RECORDS TO PROCESS
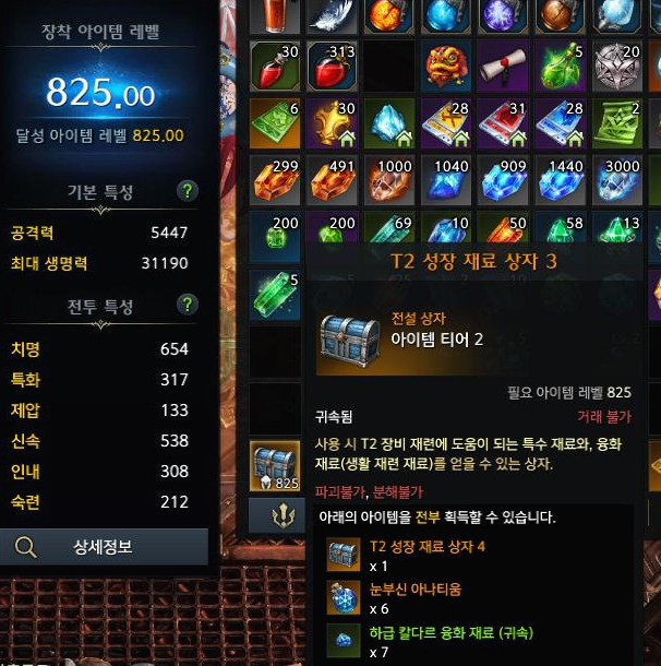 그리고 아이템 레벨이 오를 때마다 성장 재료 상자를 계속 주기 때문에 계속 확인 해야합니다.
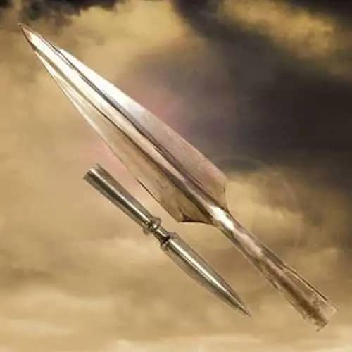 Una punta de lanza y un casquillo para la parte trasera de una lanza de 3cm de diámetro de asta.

...

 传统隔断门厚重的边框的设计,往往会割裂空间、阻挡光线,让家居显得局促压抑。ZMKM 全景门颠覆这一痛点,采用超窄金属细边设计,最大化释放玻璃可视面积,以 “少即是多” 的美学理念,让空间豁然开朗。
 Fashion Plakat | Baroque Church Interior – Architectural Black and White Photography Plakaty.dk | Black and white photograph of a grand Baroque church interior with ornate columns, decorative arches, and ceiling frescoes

TASK ITEM
Leaving every picture aside, reproduce exactly the lines above from the one with "그리고 아이템 레벨이" up to and including the one with "Una punta de", and no others.

TASK ANSWER
 그리고 아이템 레벨이 오를 때마다 성장 재료 상자를 계속 주기 때문에 계속 확인 해야합니다.
 Una punta de lanza y un casquillo para la parte trasera de una lanza de 3cm de diámetro de asta.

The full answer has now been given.